_SUPPLIED DATA_

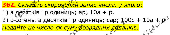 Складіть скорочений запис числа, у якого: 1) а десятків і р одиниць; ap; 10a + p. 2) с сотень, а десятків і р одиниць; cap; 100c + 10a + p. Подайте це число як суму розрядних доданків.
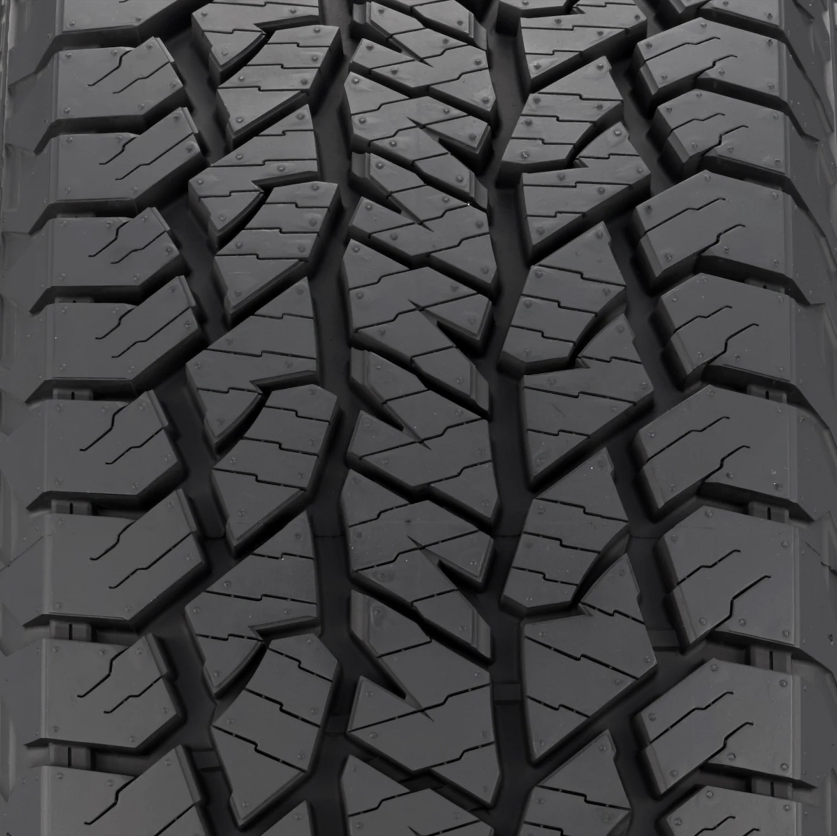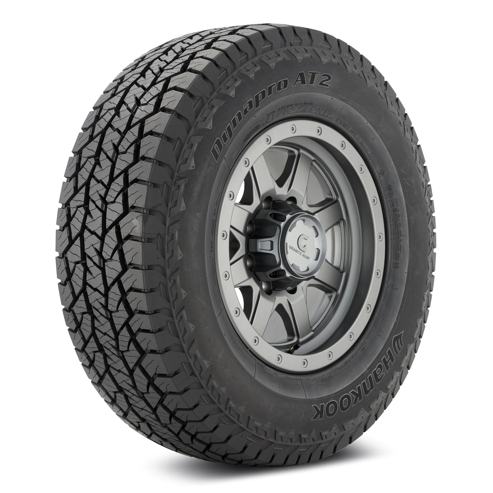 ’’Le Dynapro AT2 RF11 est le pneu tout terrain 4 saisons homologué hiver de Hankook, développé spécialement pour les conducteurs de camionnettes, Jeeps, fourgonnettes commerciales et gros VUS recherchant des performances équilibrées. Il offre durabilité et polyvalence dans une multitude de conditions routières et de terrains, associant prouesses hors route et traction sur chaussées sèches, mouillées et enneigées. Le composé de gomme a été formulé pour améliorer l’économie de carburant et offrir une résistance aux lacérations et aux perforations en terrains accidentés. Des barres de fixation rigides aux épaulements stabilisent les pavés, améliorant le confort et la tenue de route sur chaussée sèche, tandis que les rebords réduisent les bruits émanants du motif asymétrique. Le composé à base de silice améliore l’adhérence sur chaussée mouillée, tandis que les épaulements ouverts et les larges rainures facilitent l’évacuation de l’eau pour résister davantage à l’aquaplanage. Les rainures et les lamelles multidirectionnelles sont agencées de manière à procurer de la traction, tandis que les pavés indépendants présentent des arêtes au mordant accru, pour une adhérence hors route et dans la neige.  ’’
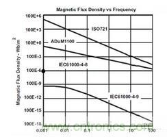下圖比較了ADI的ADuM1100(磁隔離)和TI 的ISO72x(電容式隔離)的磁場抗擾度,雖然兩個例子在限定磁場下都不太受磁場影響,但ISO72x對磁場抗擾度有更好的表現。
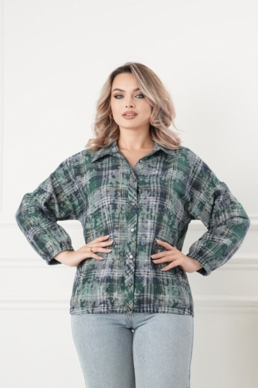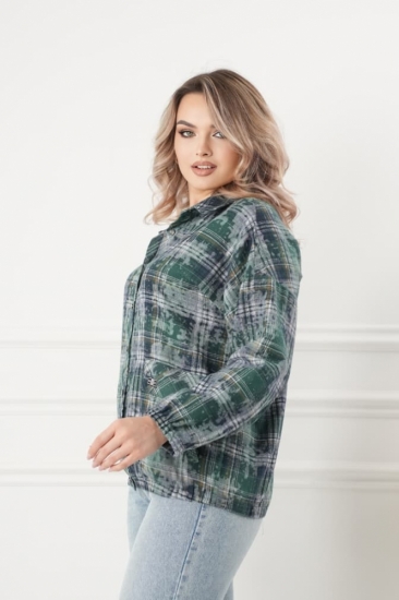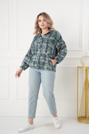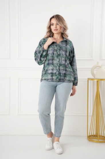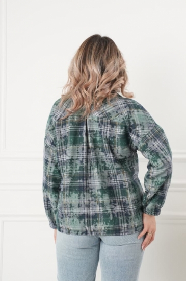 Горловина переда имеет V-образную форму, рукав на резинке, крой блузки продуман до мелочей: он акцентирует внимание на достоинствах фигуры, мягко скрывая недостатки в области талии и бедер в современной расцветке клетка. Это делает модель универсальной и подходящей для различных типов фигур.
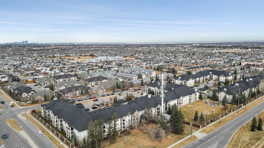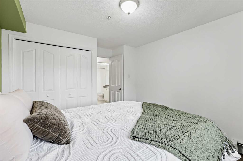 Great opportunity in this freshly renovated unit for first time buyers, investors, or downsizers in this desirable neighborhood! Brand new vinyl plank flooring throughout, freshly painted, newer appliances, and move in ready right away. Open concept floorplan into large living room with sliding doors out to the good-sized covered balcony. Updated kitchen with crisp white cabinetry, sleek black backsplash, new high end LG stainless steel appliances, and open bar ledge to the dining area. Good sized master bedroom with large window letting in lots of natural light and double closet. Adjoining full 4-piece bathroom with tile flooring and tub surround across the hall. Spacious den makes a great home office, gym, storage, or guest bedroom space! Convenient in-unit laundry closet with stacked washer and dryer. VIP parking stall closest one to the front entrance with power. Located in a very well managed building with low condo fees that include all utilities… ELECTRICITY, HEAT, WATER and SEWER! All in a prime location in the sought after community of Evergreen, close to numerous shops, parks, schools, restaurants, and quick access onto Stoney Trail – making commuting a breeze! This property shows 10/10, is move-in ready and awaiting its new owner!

...

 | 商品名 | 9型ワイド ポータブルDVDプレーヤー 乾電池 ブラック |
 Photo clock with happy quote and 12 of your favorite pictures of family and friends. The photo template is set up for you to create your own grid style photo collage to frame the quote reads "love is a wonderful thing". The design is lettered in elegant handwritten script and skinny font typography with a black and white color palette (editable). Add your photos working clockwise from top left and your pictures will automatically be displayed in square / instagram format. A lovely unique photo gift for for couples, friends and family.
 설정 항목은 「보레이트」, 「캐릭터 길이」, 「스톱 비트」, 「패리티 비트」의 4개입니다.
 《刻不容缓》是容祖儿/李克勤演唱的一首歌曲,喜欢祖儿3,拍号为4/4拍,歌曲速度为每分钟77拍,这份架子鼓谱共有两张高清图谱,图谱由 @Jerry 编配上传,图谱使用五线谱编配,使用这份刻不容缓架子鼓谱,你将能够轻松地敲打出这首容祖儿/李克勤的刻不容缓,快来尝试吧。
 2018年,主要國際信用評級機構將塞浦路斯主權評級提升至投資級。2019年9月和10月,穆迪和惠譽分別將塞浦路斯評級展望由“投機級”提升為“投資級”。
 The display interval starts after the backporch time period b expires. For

--

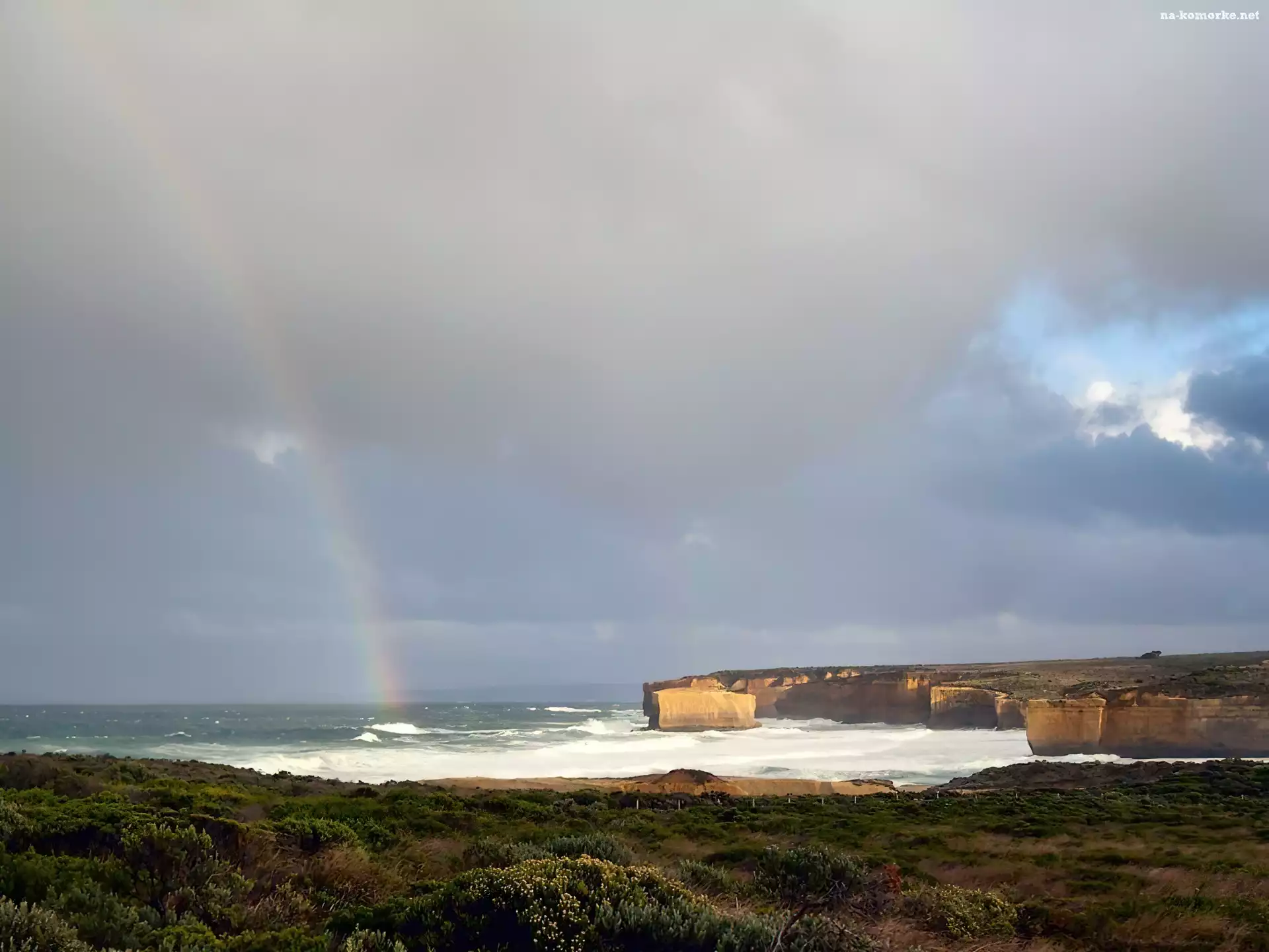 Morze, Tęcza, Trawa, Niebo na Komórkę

_WORK TO BE COMPLETED_
Look above for the line with "下圖比較了ADI的ADuM1" and the line with "Great opportunity in". Copy them and every line between, exactly, but no pictures.

_OUTPUT OF THE TASK_
下圖比較了ADI的ADuM1100(磁隔離)和TI 的ISO72x(電容式隔離)的磁場抗擾度,雖然兩個例子在限定磁場下都不太受磁場影響,但ISO72x對磁場抗擾度有更好的表現。
 Горловина переда имеет V-образную форму, рукав на резинке, крой блузки продуман до мелочей: он акцентирует внимание на достоинствах фигуры, мягко скрывая недостатки в области талии и бедер в современной расцветке клетка. Это делает модель универсальной и подходящей для различных типов фигур.
 Great opportunity in this freshly renovated unit for first time buyers, investors, or downsizers in this desirable neighborhood! Brand new vinyl plank flooring throughout, freshly painted, newer appliances, and move in ready right away. Open concept floorplan into large living room with sliding doors out to the good-sized covered balcony. Updated kitchen with crisp white cabinetry, sleek black backsplash, new high end LG stainless steel appliances, and open bar ledge to the dining area. Good sized master bedroom with large window letting in lots of natural light and double closet. Adjoining full 4-piece bathroom with tile flooring and tub surround across the hall. Spacious den makes a great home office, gym, storage, or guest bedroom space! Convenient in-unit laundry closet with stacked washer and dryer. VIP parking stall closest one to the front entrance with power. Located in a very well managed building with low condo fees that include all utilities… ELECTRICITY, HEAT, WATER and SEWER! All in a prime location in the sought after community of Evergreen, close to numerous shops, parks, schools, restaurants, and quick access onto Stoney Trail – making commuting a breeze! This property shows 10/10, is move-in ready and awaiting its new owner!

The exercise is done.